Key words: water and soil loss, runoff, sediment, temporal scale, spatial scale, bibliometric method, research progress, China

摘要：

水土流失尺度效应是当前土壤侵蚀领域、水文水资源科学乃至整个地学领域的热点和前沿问题。为了准确把握中国水土流失尺度效应研究进展,从国内外六大中英文论文数据库中获取了776篇相关研究文献作为综述的数据源。基于文献计量方法,从研究概况、发展历程、研究机构、研究区分布和研究手段等方面进行了综述。结果显示,（1）目前中国水土流失尺度效应研究以探讨侵蚀输沙的空间尺度效应为主,其次是径流水文的时间尺度效应,而关于侵蚀输沙的时间尺度效应和径流水文的空间尺度效应的研究则较为薄弱。（2）时间尺度分布上,径流水文研究以年际尺度为主,而侵蚀输沙研究多关注次降雨尺度。空间尺度分布上,以小流域和坡面尺度为主。（3）全国共有240家研究机构参与了相关研究,其中前五强单位依次是：中国科学院地理科学与资源研究所、水利部黄河水利委员会、西北农林科技大学、中国科学院水利部水土保持研究所和北京师范大学。（4）研究区的流域分布以黄河和长江为主;水土保持分区以西北黄土高原区、西南紫色土区、南方红壤区和北方土石山区居多;地形区分布以高原和起伏较大的山地丘陵为主;气候区分布湿润、半湿润区以及暖温带、亚热带和中温带居多。（5）研究方法多种多样,大致可分为直接计算、统计分析、模型估算和模拟试验这4类;其中模型估算中涉及到的数学模型共有28个,应用较多的有（R）USLE和SWAT。未来研究的可能发展方向有：极端暴雨事件洪水及其侵蚀输沙的尺度问题;喀斯特地区地下水土流失的尺度问题;水文泥沙连通性的尺度问题;变尺度水文-侵蚀-输沙预报模型;水沙数据多尺度转换。

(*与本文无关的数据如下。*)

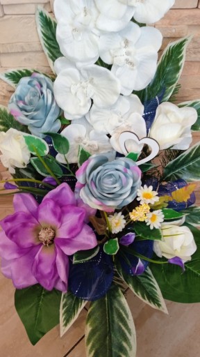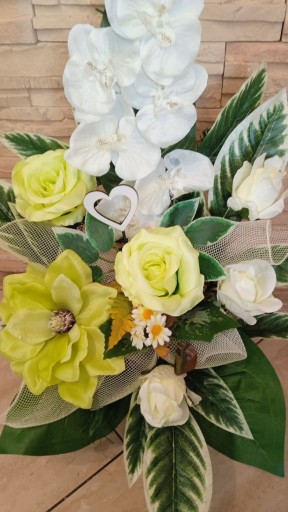 (cena dotyczy TYLKO bukietu do wazonu, natomiast kompozycja do postawienia na grobie dostępny na innej auckji)
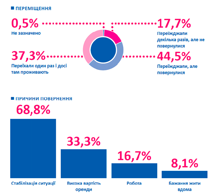 Основная причина возвращения (68,8%) - это стабилизация ситуации в зоне оккупации. Около 33,3% вернулись по причине высокой стоимости аренды жилья для вынужденных переселенцев.
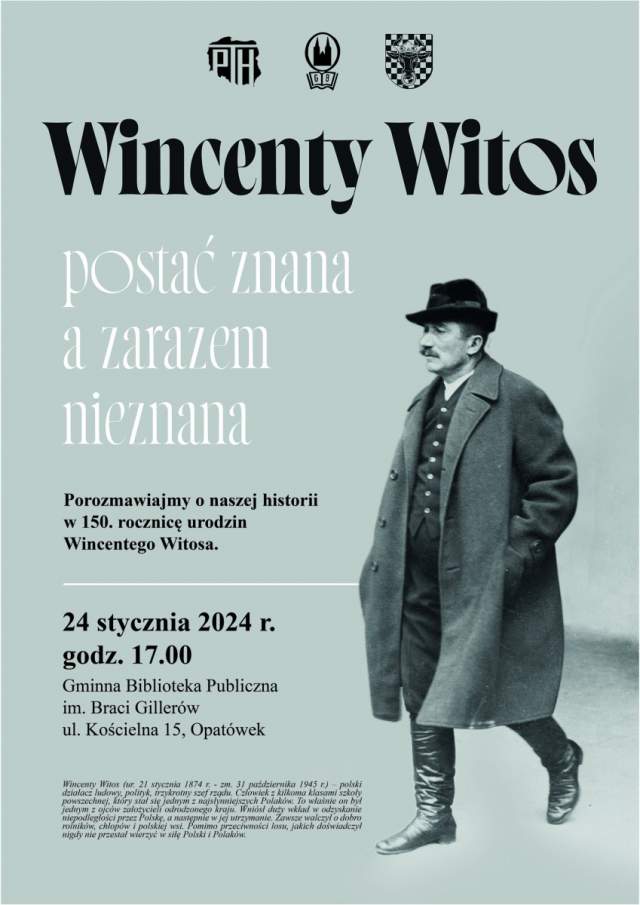 24 stycznia w Gminnej Bibliotece Publicznej im. Braci Gillerów w Opatówku odbędzie się spotkanie pod nazwą "Wincenty Witos-postać znana, z zarazem nieznana". Wydarzenie organizuje Powiat Kaliski, kaliski oddział Polskiego Towarzystwa Historycznego oraz biblioteka w Opatówku.
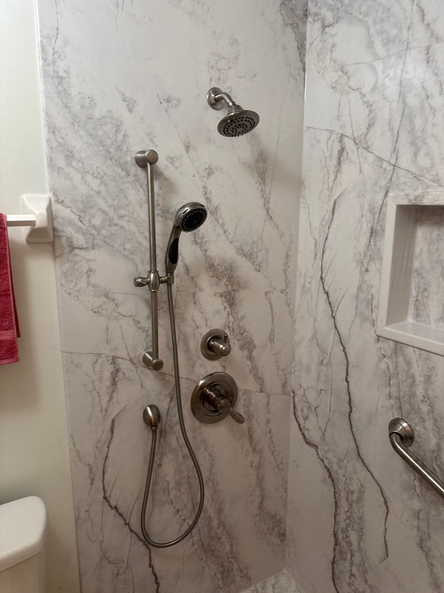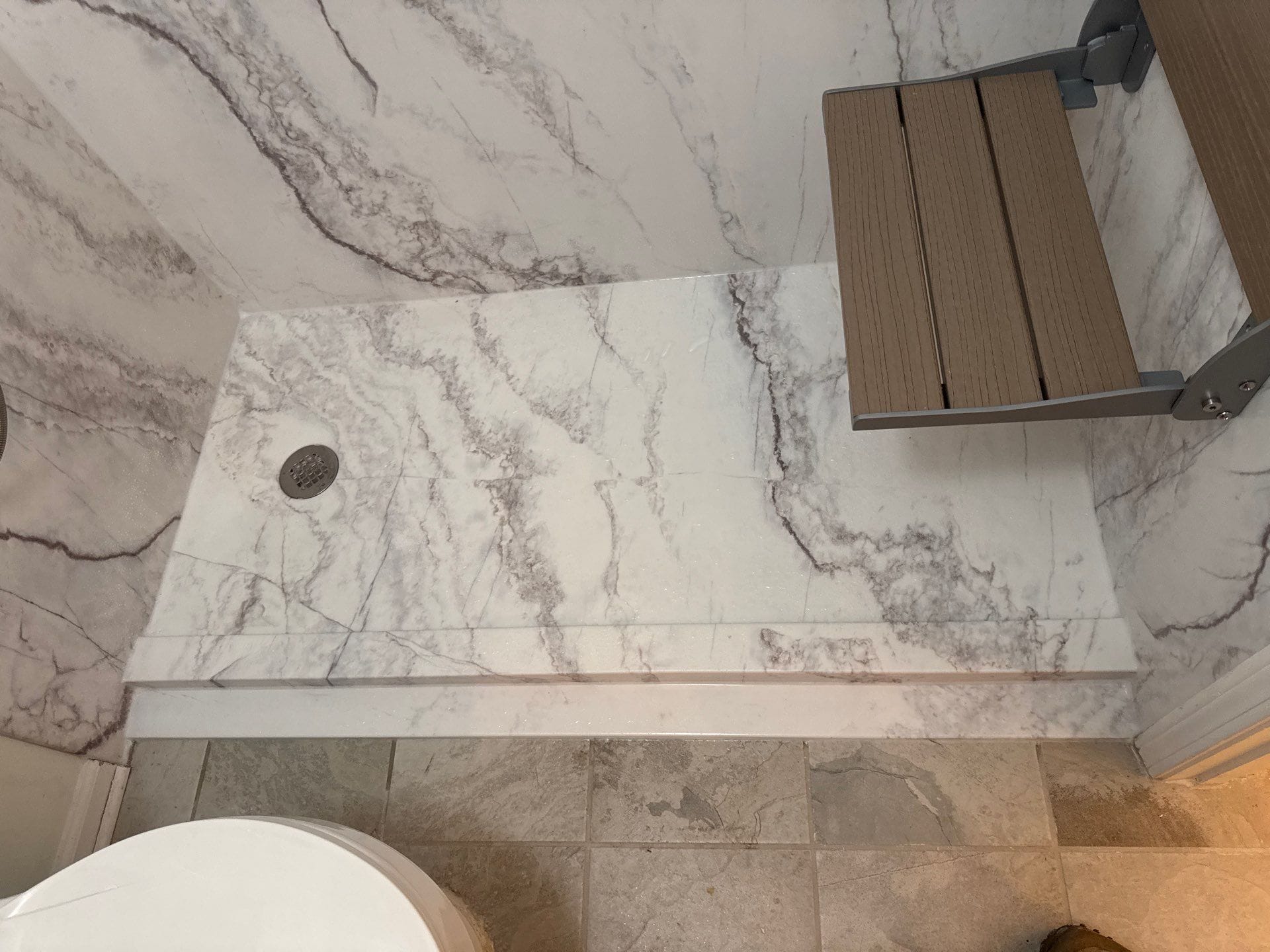 The Five Star Bath Solutions representative presented a grout-free composite wall system designed to replicate natural marble while providing a non-porous and waterproof surface. The selected finish features a white background with soft grey veining that extends across the walls and ceiling panel for a seamless look. A brushed nickel shower system was installed, including a fixed showerhead and a handheld spray mounted on a vertical slide bar. A rectangular recessed niche was integrated into the back wall for streamlined storage. Safety and comfort features include a reinforced horizontal grab bar and a fold-down teak bench with a supportive metal frame. The low-threshold shower base complements the wall pattern and enhances ease of entry.
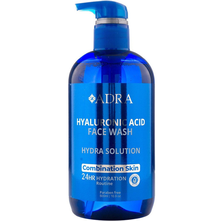 ژل شستشوی صورت آدرا هیالورونیک اسید شوینده موثر و آبرسانی کننده ای است که در حجم 500 میلی لیتر و در بسته بندی پمپی به فروش می رسد. ژل شستشوی صورت حاوی هیالورونیک اسید آدرا به دلیل وجود بتا هیدروکسی اسید سالیسیلیک اسید، خاصیت کراتولیتیک داشته و سلول های مرده سطح پوست را از بین می برد.
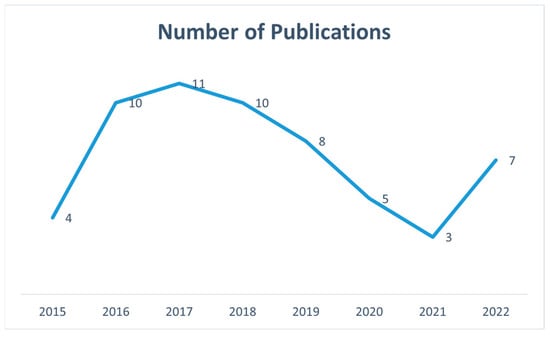 This review paper focuses on determining the predictive ability of outdoor thermal comfort indices presently available from both traditional and Industry 4.0 perspectives. This assessment tabulates the predictive capability of outdoor thermal comfort indices from studies conducted worldwide covering different climatic scenarios. The majority of studies estimated TSV from field surveys to evaluate the effectiveness of indices. Since the advanced universally applicable bio-climatic OTCI, UTCI, was well-researched from 2010 and the first publication on machine learning, a structural equation model that considers multi-sensory and subjective assessment of participants’ response, occurred around 2015, the time frame for this review analysis was from 2015–2023. Figure 1 demonstrates the number of publications within the selected time frame. The years 2016–2019 had the maximum number of publications.

关键词: 水土流失, 径流, 泥沙, 时间尺度, 空间尺度, 文献计量, 研究进展, 中国

CLC Number:

S157
X144

KE Qihua, ZHANG Keli. Scale Effect on Water and Soil Loss in China: A Bibliometric Analysis[J]. Ecology and Environment, 2022, 31(7): 1489-1498.

柯奇画, 张科利. 基于文献计量的中国水土流失尺度效应研究进展[J]. 生态环境学报, 2022, 31(7): 1489-1498.

Figures/Tables 11

Figure1 Study of scale effect on water and soil loss in China: Composition of published papers

Figure 2 Distributions of different temporal scales (a) and spatial scales (b-c)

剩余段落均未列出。